In 1987 technical staff at the station went on a 24-hour strike. Management locked out the strikers, but stayed on air using non-technical staff to broadcast a skeleton service including (among other things) episodes of the American series Flipper, Batman and Happy Days; while secretaries manned cameras, Gyngell himself directed the show. Although shambolic at times, this schedule turned out on occasions to be more popular than former programming (although not what they would have been be allowed to broadcast under any other circumstances). In the hurricane-force storms that hit England in October that year electrical power to TV-am's studios was lost and an emergency programme had to be transmitted from facilities at Thames Television's Euston Road centre, using reports from TV-am's own crews and those of ITN, TSW and TVS. All this withstanding, the programme continued to thrive. Eventually, Bruce Gyngell fired all of the strikers, replacing them with non-unionised labour from around the world.

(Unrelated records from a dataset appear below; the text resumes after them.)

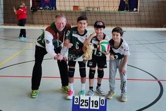 Mit von der Partie waren Altun Kaan, Bennet Dilly und Anton Faber, der erst Mitte Oktober mit Volleyball startete, aber in den wöchentlich zwei Trainingseinheiten bei Trainer Erwin Hausen und Co-Trainer Pablo Ferdinand bereits viel gelernt hat. Jeder Satz wurde klar gewonnen (25:18; 25:16; 25:19). Ein toller Einstieg der Spieler der Jahrgangs 2016, 2015 und 2014.
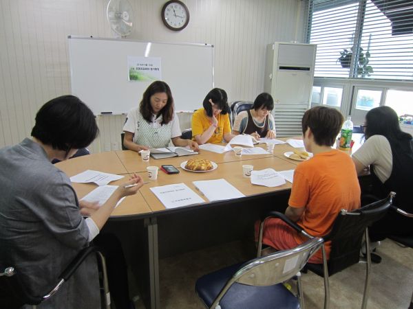 인권지킴이단 단원들이 한 자리에 모여 2분기 활동보고, 이용자 인권향상을 위한 사례지원 방안 토의,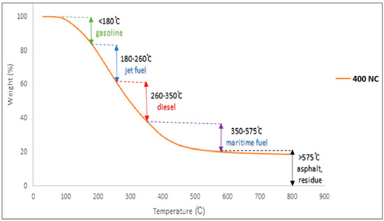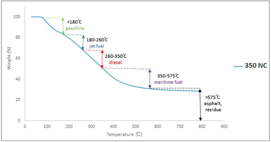 The thermogravimetric (TG) technique was used to evaluate the weight loss during the thermal decomposition of the biocrude. Here only non-catalytic biocrudes 350NC and 400NC were taken for the analysis as demonstrated in Figure 2 and Figure 3, respectively, reflecting the biocrude fractions.

In the years that followed, the station gradually found its feet again, and by the early 1990s, operating with a significantly reduced staff, it was the world's most profitable TV station in terms of turnover. During this period the station became the most popular breakfast television service in the UK, as the BBC's Breakfast Time lost viewers. In 1989 the BBC replaced the magazine-style Breakfast Time with a more in-depth and analytical news format called Breakfast News, reminiscent of TV-am's original format.

1991/2: Franchise loss

In 1990 changes in the law meant that commercial television franchises were no longer allocated on merit or potential but rather through a blind auction, the results of which were made public on 16 October 1991. TV-am bid £14.3m, but were outbid by another consortium, Sunrise Television (which changed its name to GMTV when it launched), which had bid £36.4m. Ironically, in the years following GMTV's launch, the group approached the ITC to retrospectively obtain a reduction in this fee,[2] reducing it to a level below TV-am's original bid.[3]

By February 1992 the first on-screen effects of the licence loss became obvious, with TV-am closing its in-house news service and contracting it out to Sky News for a one-off payment. Children's programming also suffered, with fewer appearances of Timmy Mallet, and 'Wacaday' replaced by 'Cartoon World' on Saturdays from 8am (extended to 7.30am later in the year).[4]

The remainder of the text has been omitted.